Tafí del Valle is just what the name suggests, in a valley.

To get there the closest airport is in San Miguel de Tucuman.

We rented a car there for a full Tucuman road trip and the drive from the city to Tafí del Valle was a stunner.

After the flat (and humid and hot) surroundings of the city, there are switchbacks and curves galore as you weave up into the lush green yungas (green cloud forest).

Despite the curves, it was an easy drive.

Just take it easy and slow.

You will undoubtedly encounter cattle in the road all throughout your time in Tucuman.

Don’t want to rent a car? You do have a couple options…

Tafí Del Valle Tours

If you don’t have a lot of time, there are organized day trips from the city of San Miguel de Tucuman to Tafí and surroundings.

The bus weaving the roads near Tafi del Valle

Tucuman-Tafi del Valle by Bus

You can easily travel this region by bus.

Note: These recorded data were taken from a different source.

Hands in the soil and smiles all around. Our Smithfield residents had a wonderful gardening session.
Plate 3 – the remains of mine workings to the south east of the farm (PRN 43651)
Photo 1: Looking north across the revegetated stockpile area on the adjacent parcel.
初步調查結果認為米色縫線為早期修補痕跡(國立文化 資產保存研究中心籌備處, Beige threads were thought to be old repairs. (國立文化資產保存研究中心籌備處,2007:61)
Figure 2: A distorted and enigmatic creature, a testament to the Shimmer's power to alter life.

Aconquija is the bus company operating in the region. The ride from the city is less than 3 hours.

You could also come down from Salta to the north if you’re backpacking through the region.

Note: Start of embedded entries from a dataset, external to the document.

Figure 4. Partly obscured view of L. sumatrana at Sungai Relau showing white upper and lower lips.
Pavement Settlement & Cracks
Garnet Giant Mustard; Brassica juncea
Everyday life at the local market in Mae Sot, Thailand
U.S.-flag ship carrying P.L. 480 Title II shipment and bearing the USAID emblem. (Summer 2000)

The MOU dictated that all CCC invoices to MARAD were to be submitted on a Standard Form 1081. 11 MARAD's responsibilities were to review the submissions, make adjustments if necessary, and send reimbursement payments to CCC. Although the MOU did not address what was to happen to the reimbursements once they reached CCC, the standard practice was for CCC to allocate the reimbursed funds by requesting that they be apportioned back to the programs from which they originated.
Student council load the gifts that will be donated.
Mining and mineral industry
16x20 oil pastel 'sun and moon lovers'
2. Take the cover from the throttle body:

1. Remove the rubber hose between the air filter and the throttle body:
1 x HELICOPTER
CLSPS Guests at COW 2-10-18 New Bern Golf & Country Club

It’s a common route from Bolivia, crossing into Jujuy, then on through Salta and Tucuman to make your way down to Buenos Aires or Iguazu.

Check rome2rio for bus routes, websites for buying tickets are Busbud and Plataforma 10.

Things to do in Tafí del Valle & Surroundings

You can do a lot in Tafí del Valle or you can do nothing, just relax.

I’ll be honest, our plan was to do nothing but relax.

Turns out I don’t know how to do that very well, I wanted to see as much as possible and I can honestly say we did.

The town itself is very small, with a very diminutive historic center of just a few blocks and a few other main boulevards for dining and souvenir shopping (there are excellent craftsmen here due to the region’s ruta del artesano).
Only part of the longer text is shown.